If the contracting situation is rare, such as a contract containing custom terms not frequently found in contracts, the AI may struggle. It might do poorly at flagging important terms because it doesn’t know what is important in uncommon situations. It also might do a poor job at suggesting revised language, again because of its low experience in the training data.
Beyond that, the AI might be helpful to a contracts lawyer as a brainstorming buddy. For example, if a contracts lawyer asks an AI to draft a contract of a particular type, the AI might suggest contract terms the lawyer wouldn’t think of or remember to include.
AI Won’t Help with Custom Business Terms
An AI likely will provide no or perhaps negative value concerning custom business terms. A contract is not just boilerplate, such as termination rights, limitation of liability, confidentiality, and indemnity and defense obligations. The contract usually contains business terms, such as prices, timelines, and descriptions of deliverables and services.
Unfortunately, those business terms are often vague or incomplete because they are written by business managers rather than lawyers. The AI isn’t going to be materially helpful in identifying or fixing those inadequacies. When contractual relationships fail, a frequent cause is the lack of clarity and detail in business terms.
Consider Bias
If the training data used by the AI consists of a corpus of contracts slanted toward one side of a deal, the AI might do poorly in suggesting revisions appropriate to the interests of the other side of the deal.
For example, if you represent a borrower in negotiating a commercial loan agreement, and if the AI learned on commercial loan agreements drafted by lenders, it might do a poor job of flagging important terms and suggesting appropriate revisions that protect the borrower.

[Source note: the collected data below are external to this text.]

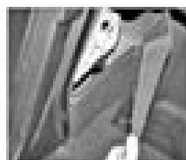
6.1c Pull back the carpet panel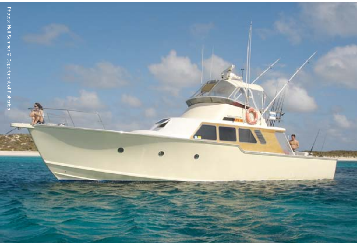
Fishing charter boat.

William Saville-Kent, The Naturalist in Australia , 1897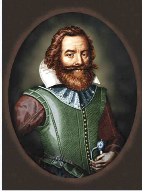
Captain John Smith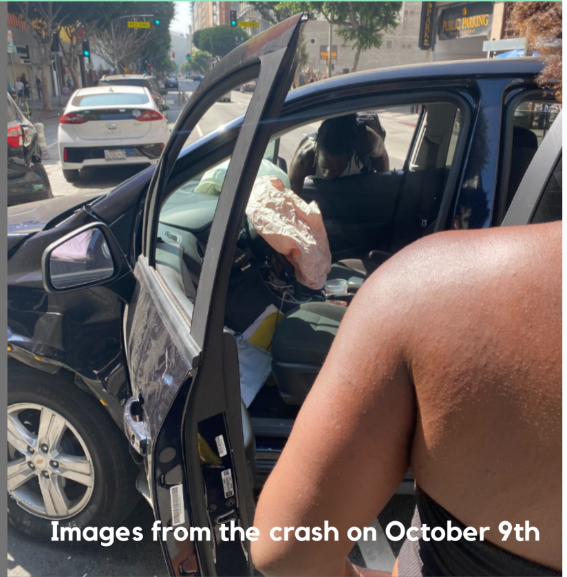
Images from the crash on October 9th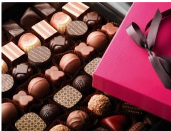
Wittamer chocolates, epitome of elegance

Brussels' chocolate Mecca is the Grand Sablon (Grote Zavel in Dutch), the small square (a triangle actually) with the beautiful Notre Dame du Sablon church at its head, right opposite the hotel for the Pack2Go Europe autumn conference 2010. Lining the streets are cafes, bars, restaurants and shops – most notably the best selection of chocolate shops in Brussels.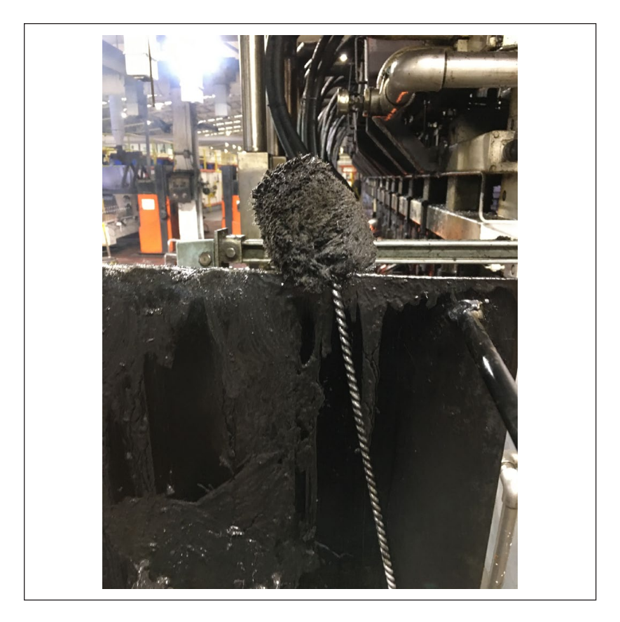
Figure I. A swabbing brush/stick used to apply oil (dobe) to the molds in the machinery that can be seen in the background of this photo.

being touched is essential in "bringing the ethnographer closer to sensory and semiotic action" (Barker, Jewitt, and Price 2020, 129). Participation took the form of attending training; laboring alongside workers and robots; taking breaks and having conversations with workers; talking about touch (and other sociosensorial matters) with laborers during activity.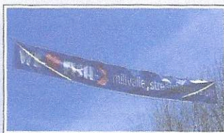
MVSK's We love fish banner!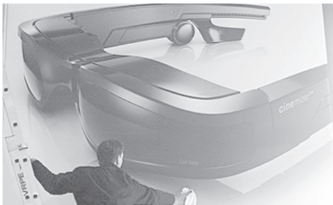
A worker cleans a poster showing the new 3D glasses "Cinemizer Plus" at the Carl Zeiss stand during preparations for the world's biggest high-tech fair, the CeBIT in the northern German city of Hanover. The world's biggest high-tech fair kicks off Tuesday with a focus on "smart" gadgets as well as "Avatar"-inspired 3D products to make consumers' lives easier — and more fun.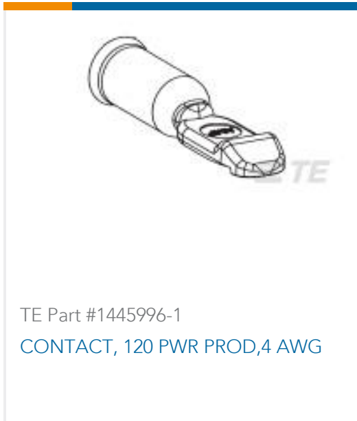
TE Part #1445996-1 CONTACT, 120 PWR PROD,4 AWG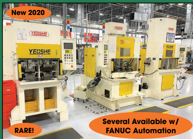
VIEW of YEOSHE BROACHING & STAMPING MACHINES

It should still do a good job in handling specific contracting policies you input into the AI, such as striking any chance of a confessed judgment. But, due to training bias, the AI might miss issues you didn’t put in your contracting policies. It’s hard to think of everything a biased contract might throw at you.
Overall, the AI may deliver enough value to make it worth its cost in routine contracting situations where key terms can be flagged and revised in line with specific policies imported into the system, but it may deliver less value or even negative value in custom contracting situations and especially concerning custom business terms.